Why is $y$ squared?

$\begin{aligned} \frac{dy}{dx} & = \frac{\sqrt{x^2+y^2}-x}{y} \\ y \frac{dy}{dx} + x & = \sqrt{x^2+y^2} \\ \frac{d}{dx} \left(\frac{y^2}{2} + \frac{x^2}{2} \right) & = \sqrt{x^2+y^2} \\ \frac{d}{dx} \left(\color{#3D99F6}{y^2 + x^2} \right) & = 2 \sqrt{\color{#3D99F6}{x^2+y^2}} \quad \quad \small \color{#3D99F6}{\text{Let } z = x^2+y^2} \\ \frac{d\color{#3D99F6}{z}}{dx} & = 2 \sqrt{\color{#3D99F6}{z}} \\ \int z^{-\frac{1}{2}} \space dz & = \int 2 \space dx \\ 2 z^{\frac{1}{2}} & = 2 x + 2\color{#3D99F6}{c} \quad \quad \small \color{#3D99F6}{c = \text{a constant}} \\ z^{\frac{1}{2}} & = x + c \\ \Rightarrow \sqrt{x^2+y^2} & = x + c \quad \quad \small \color{#3D99F6}{\text{When }x = 0, y = 4} \\ \sqrt{0^2+4^2} & = 0 + c \\ \Rightarrow c & = 4 \\ \Rightarrow \sqrt{x^2+y^2} & = x + 4 \\ x^2+y^2 & = x^2 + 8x + 16 \\ \Rightarrow y^2 & = 8x + 16 \\ \text{For } y = 0: \quad 8(\beta+2) & = 0 \\ \Rightarrow \beta & = \boxed{-2} \end{aligned}$

Subsituting $y = xu$ , the DE becomes $xu' + u \; =\; \frac{\sqrt{1+u^2}-1}{u} \qquad \mbox{or} \qquad xu' \; = \; \frac{\sqrt{1+u^2}(1-\sqrt{1+u^2})}{u} \;,$ and so, separating variables, $0 \; = \; \int \frac{dx}{x} + \int \frac{u\,du}{\sqrt{1+u^2}(\sqrt{1+u^2}-1)} \;.$ Putting $v = \sqrt{1+u^2}$ yields $0 \; = \; \int \frac{dx}{x} + \int \frac{dv}{v-1} \; = \; ln x + \ln (v-1) + c$ (choosing $v-1$ rather than $|v-1|$ , since this will match the initial condition shortly to be applied). Thus $A \; = \; x(v-1) \; = \; x\sqrt{1+u^2} - x \; = \; \sqrt{x^2 + y^2} - x \;.$ Since $y(0) = 4$ we deduce that $A=4$ , and so $\sqrt{x^2 + y^2} = x + 4$ .

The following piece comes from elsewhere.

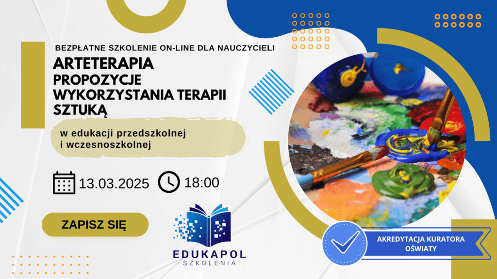 Zaświadczenie elektroniczne do szkolenia „Arteterapia. Propozycje wykorzystania terapii sztuką w edukacji przedszkolnej i wczesnoszkolnej”

Putting $y=0$ , we need to solve $|x| = x+4$ . The only solution to this equation is $x=-2$ .

Make the substitution $r^2=x^2+y^2$

By implicit differentiation, this gives

$\frac{d}{dx} r^2=\frac{d}{dx}( x^2+y^2)$ $\Rightarrow 2r\frac{dr}{dx}=2x+2y\frac{dy}{dx}$ $\Rightarrow \frac{dy}{dx}=\frac{r\frac{dr}{dx}-x}{y}$

Hence, the original equation reduces to

$\frac{r\frac{dr}{dx}-x}{y}=\frac{\sqrt{r^2}-x}{y}$ (No need to consider absolute value of $r$ since $x^2+y^2$ is always possitive) $\Rightarrow r\frac{dr}{dx}=r\Rightarrow \frac{dr}{dx}=1$ This is a separable ODE, which yields $\int dr=\int dx$ $\Rightarrow r=x+C \Rightarrow x+C=\sqrt{x^2+y^2}$ Hence, the general solution is $y^2-2Cx-C^2=0$ Since $y(0)=4$ , we know that $C=\pm4$ , but for there to be one NEGATIVE solution to $y(x)=0$ , we choose $C=4$ . Hence: $y^2=8x+16$ Finally, we solve $y(x)=0\Rightarrow 8x+16=0$ $\boxed{x=-2}$